§ **Instructions for the task**
Pictures are to be dropped, and only the lines from the one containing "290126880 - 原版质量" through the end of the data below are to be reproduced as written.

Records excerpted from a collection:
=-=-=-=-=
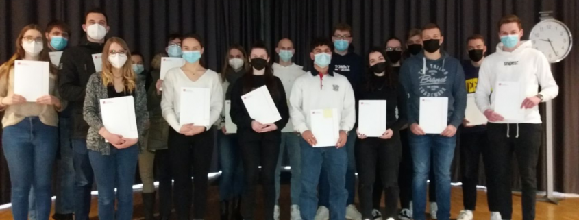 Am 21. Dezember 2021 übergab Schulleiter Matthias Groß im Forum unseres Berufskollegs das KMK-Fremdsprachenzertifikat an Auszubildende der Berufe Bankkauffrau/-mann sowie Kauffrau/-mann für Büromanagement.
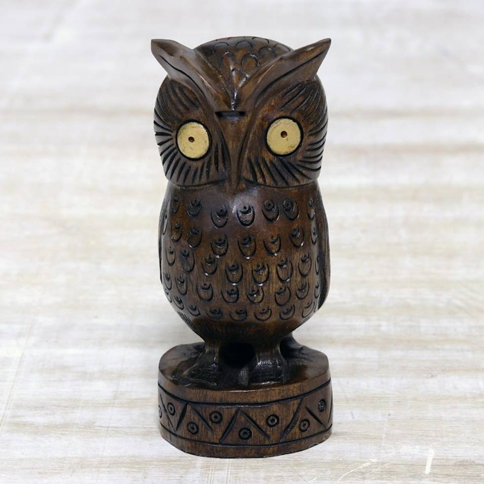 Antiqued Wood Bird Statuette Carved by Hand in India 'Vigilant Owl' Item ID: 2671793413
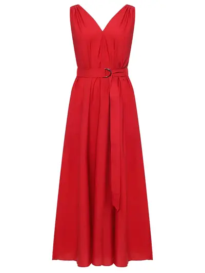 -Красное платье из жатого хлопкового поплина от BRUNELLO CUCINELLI.
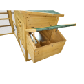 Predstavujeme priestranný maxi kurník v prírodnej farbe, vyrobený z kvalitného jedľového dreva . Navrhnutý pre 8-10 sliepočiek podľa ich veľkosti, tento kurník s odolnou drevenou konštrukciou poskytuje optimálne pohodlie pre vaše sliepočky. Kurník je veľmi priestranný a výbeh je oddelený od vnútorných priestorov posuvnými dvierkami s madlom umožňujúcim otváranie zvonku bez nutnosti vstupu do kurníka. Kryt strechy je osadený kvalitnou šindľovou krytinou . Táto verzia je vybavená znáškovými boxmi na oboch stranách .
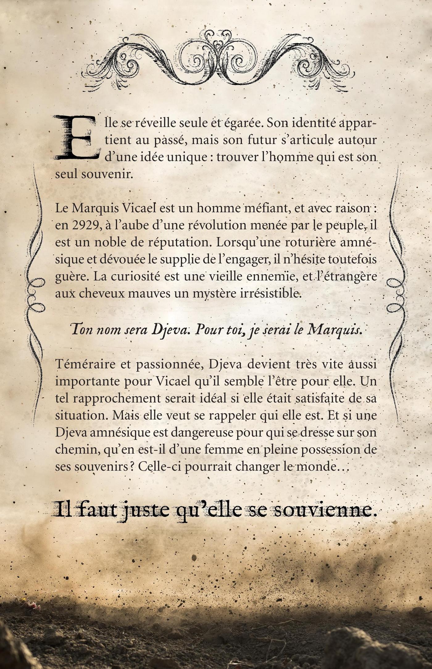Elle se réveille seule et égarée. Son identité appartient au passé, mais son futur s’articule autour d’une idée unique: trouver l’homme qui est son seul souvenir.Le Marquis Vicael est un homme méfiant, et avec raison: en 2929, à l’aube d’une révolution menée par le peuple, il est un noble de réputation. Lorsqu’une roturière amnésique et dévouée le supplie de l’engager, il n’hésite toutefois guère. La curiosité est une vieille ennemie, et l’étrangère aux cheveux mauves un mystère irrésistible.«Ton nom sera Djeva. Pour toi, je serai le Marquis.» Téméraire et passionnée, Djeva devient très vite aussi importante pour Vicael qu’il semble l’être pour elle. Un tel rapprochement serait idéal si elle était satisfaite de sa situation. Mais elle veut se rappeler qui elle est. Et si une Djeva amnésique est dangereuse pour qui se dresse sur son chemin, qu’en est-il d’une femme en pleine possession de ses souvenirs? Celle-ci pourrait changer le monde…Il faut juste qu’elle se souvienne.
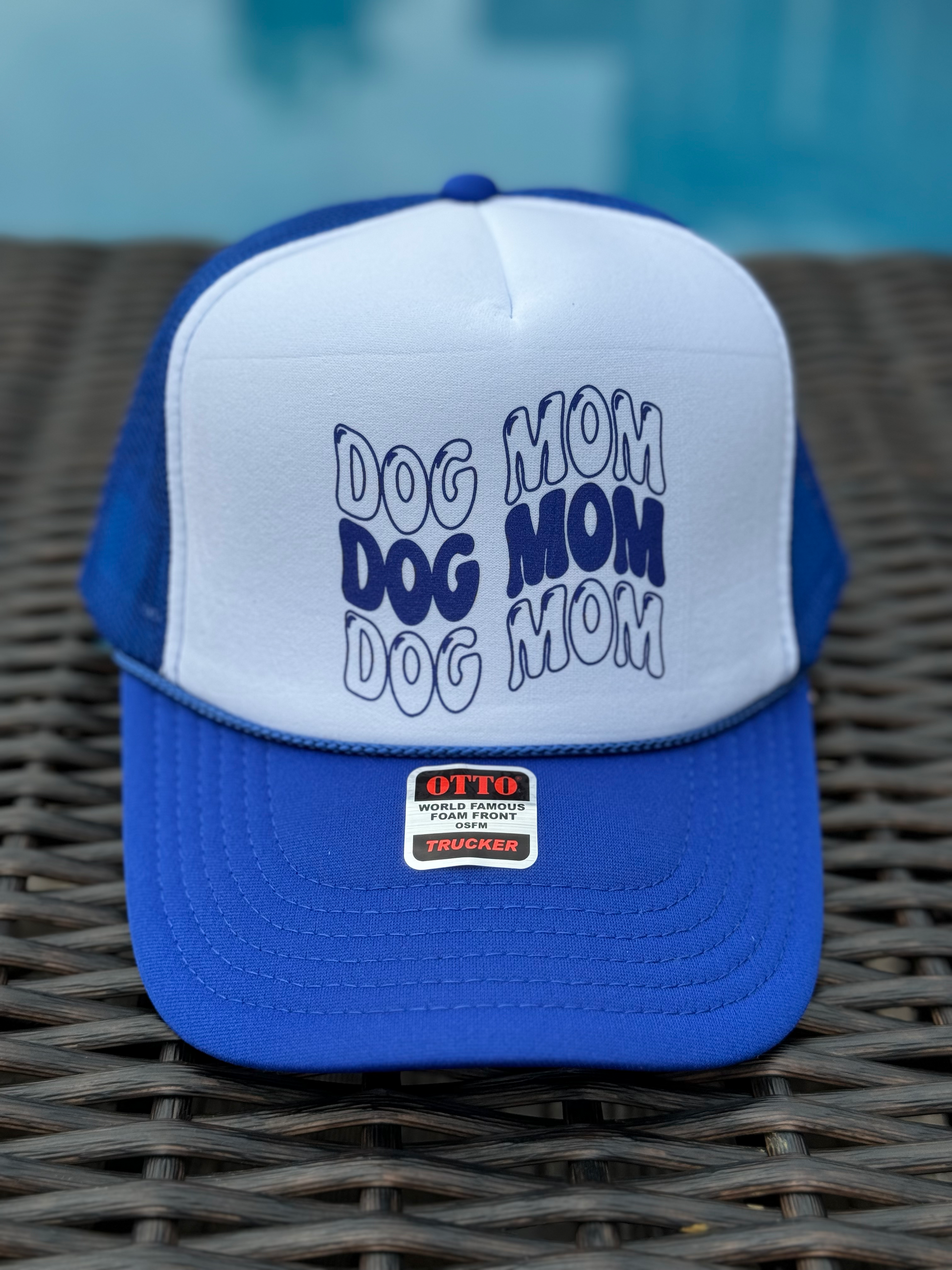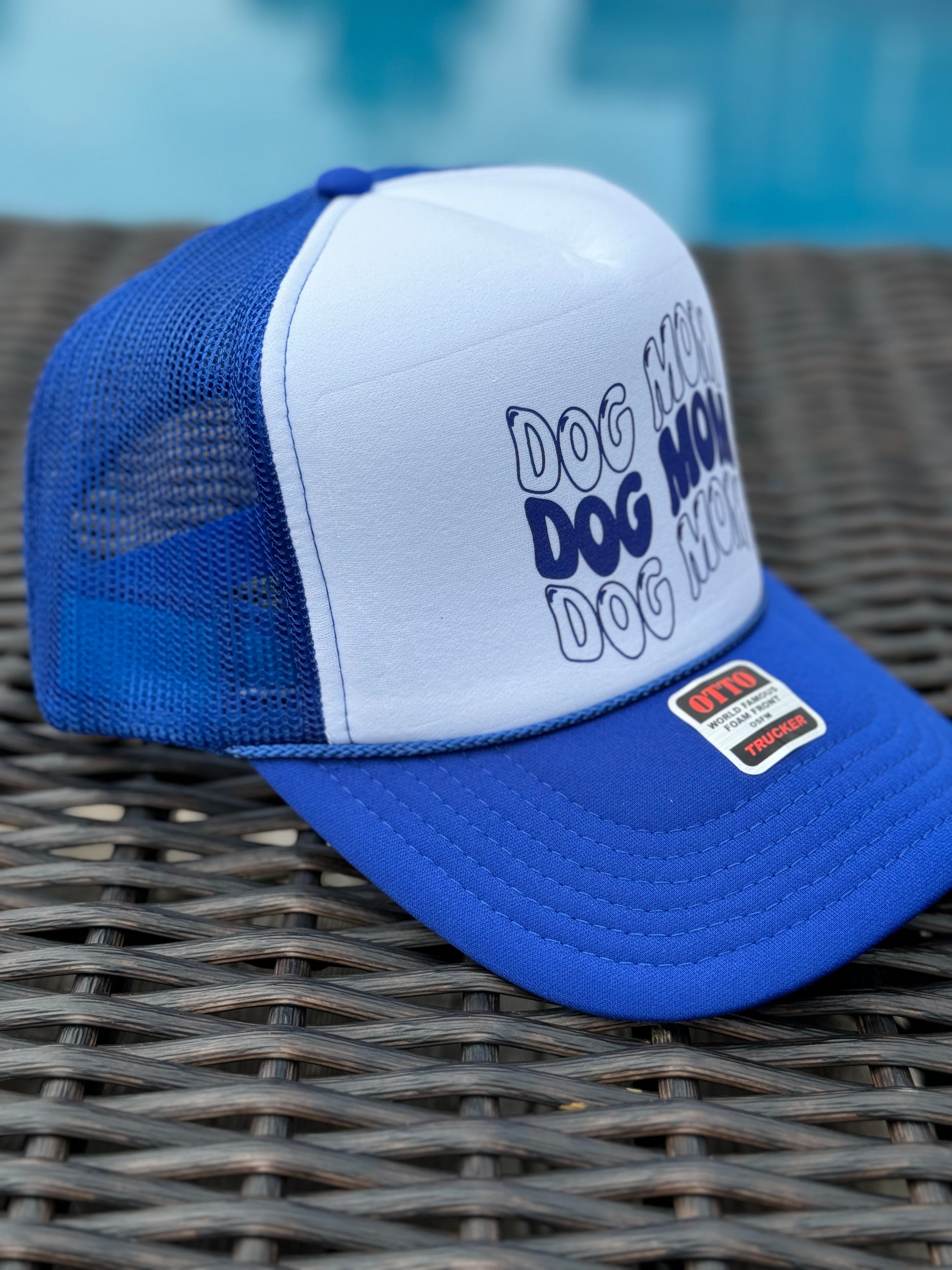 Dog Mom Blue and White Trucker Hat
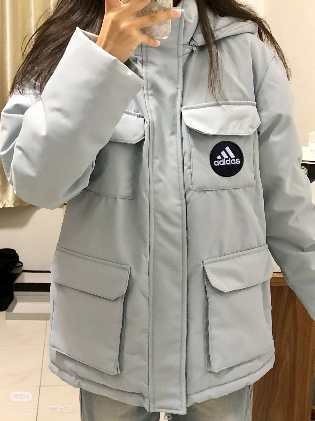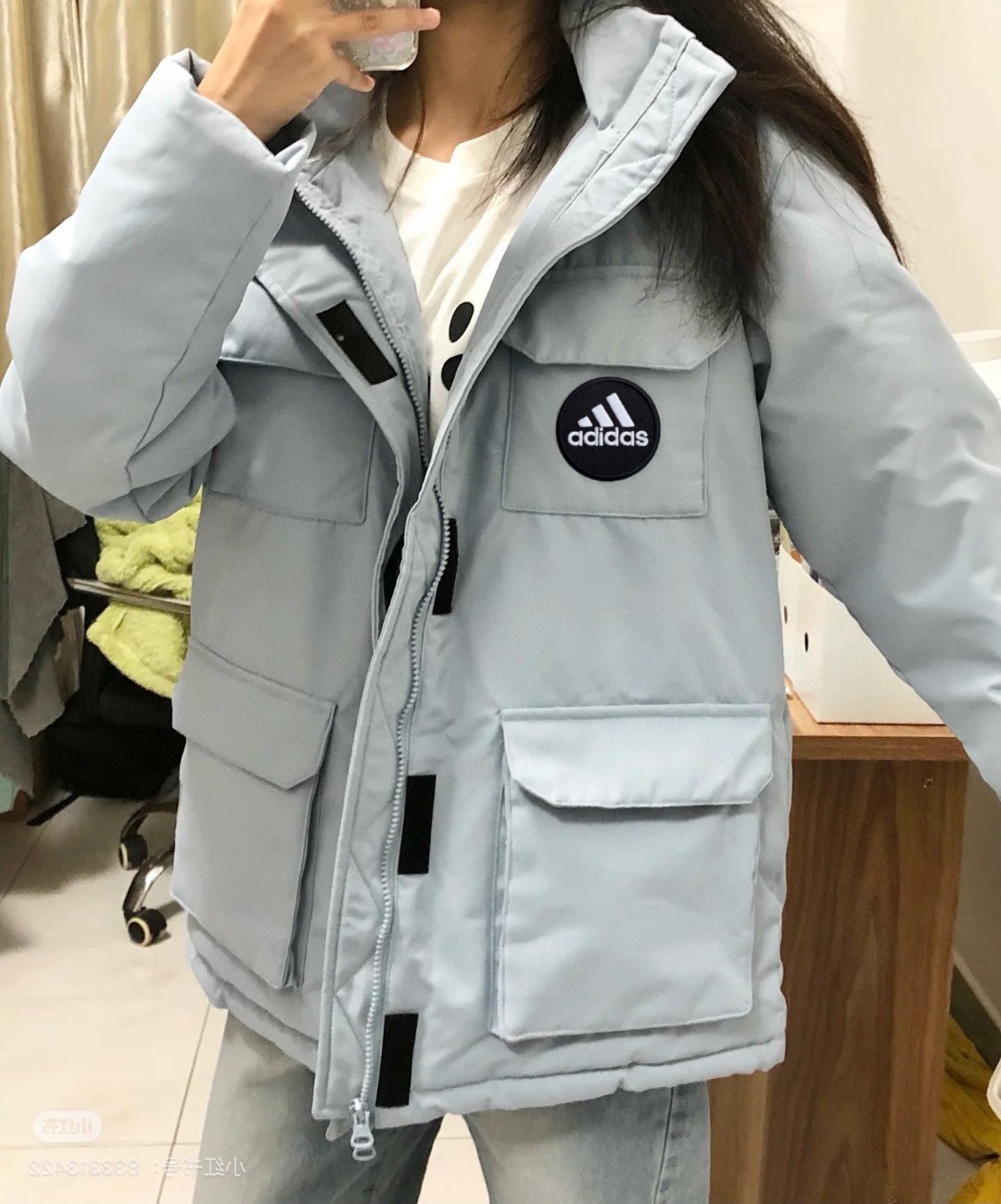 290126880 - 原版质量 阿迪达斯Adidas蓝色工装羽绒服女款冬季中长款白 380613
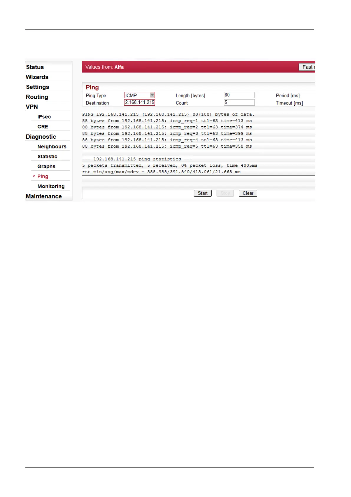 NOTE: Ping utility generates on-line report each 2 seconds while you are connected to Local unit and
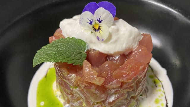 Tartare di tonno rosso all’olio tartufo, stracciatella e granella di pistacchio
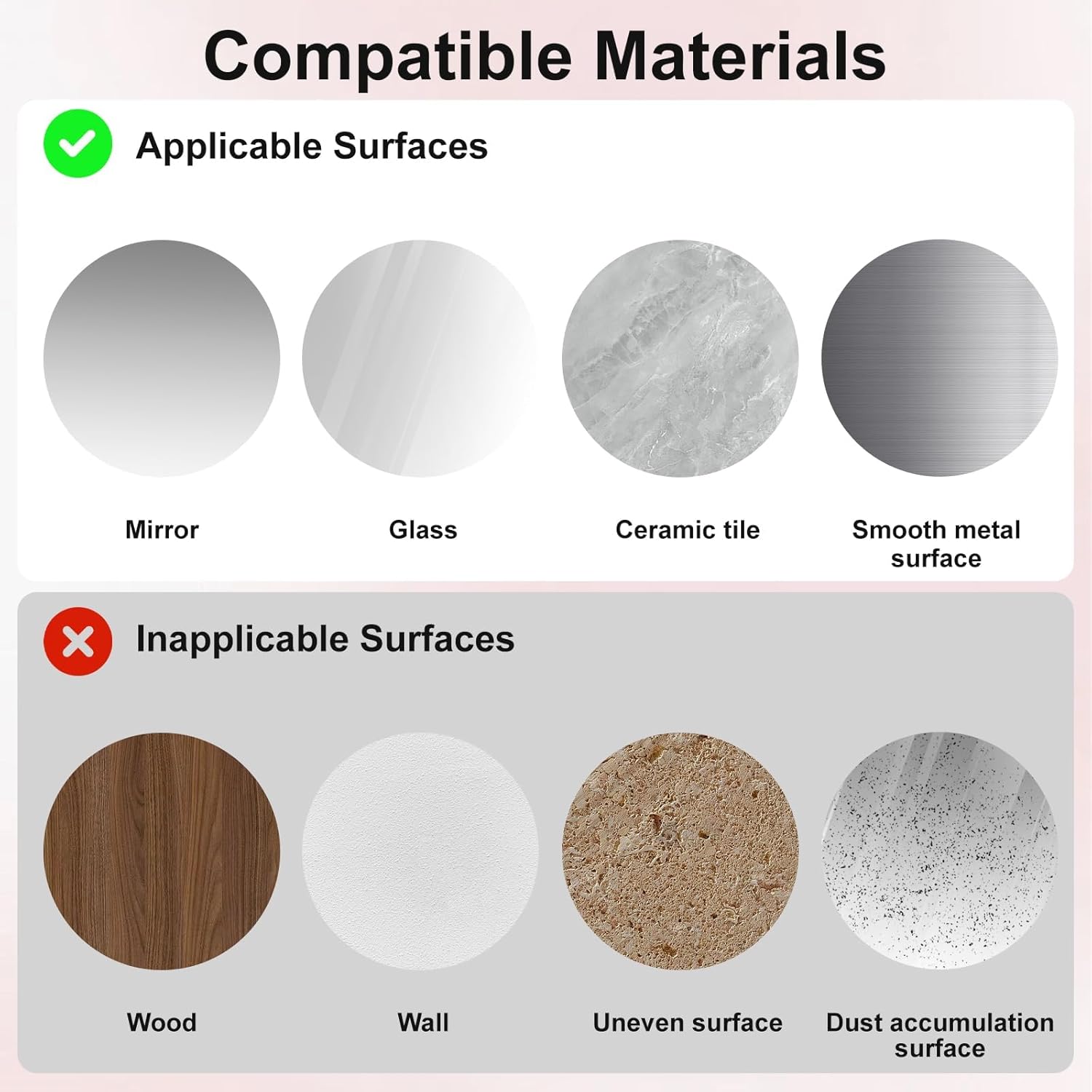 - Note: It is only suitable for completely smooth phone cases, not for silicone phone cases or other non smooth phone cases. You can attach the suction cup phone mount to a smooth surface such as a mirror or glass. Before releasing your hand, make sure the phone is firmly adheres.The adsorption time is related to the smoothness of the surface of the adsorbing object, and the effect of adsorption on mirrors and glasses is the best.The suction power of the suction cup phone mount will gradually weaken over time. Do not use for too long each time to prevent the phone from falling.
=-=-=-=-=
§ **Result for this task**
 290126880 - 原版质量 阿迪达斯Adidas蓝色工装羽绒服女款冬季中长款白 380613
 NOTE: Ping utility generates on-line report each 2 seconds while you are connected to Local unit and
 Tartare di tonno rosso all’olio tartufo, stracciatella e granella di pistacchio
 - Note: It is only suitable for completely smooth phone cases, not for silicone phone cases or other non smooth phone cases. You can attach the suction cup phone mount to a smooth surface such as a mirror or glass. Before releasing your hand, make sure the phone is firmly adheres.The adsorption time is related to the smoothness of the surface of the adsorbing object, and the effect of adsorption on mirrors and glasses is the best.The suction power of the suction cup phone mount will gradually weaken over time. Do not use for too long each time to prevent the phone from falling.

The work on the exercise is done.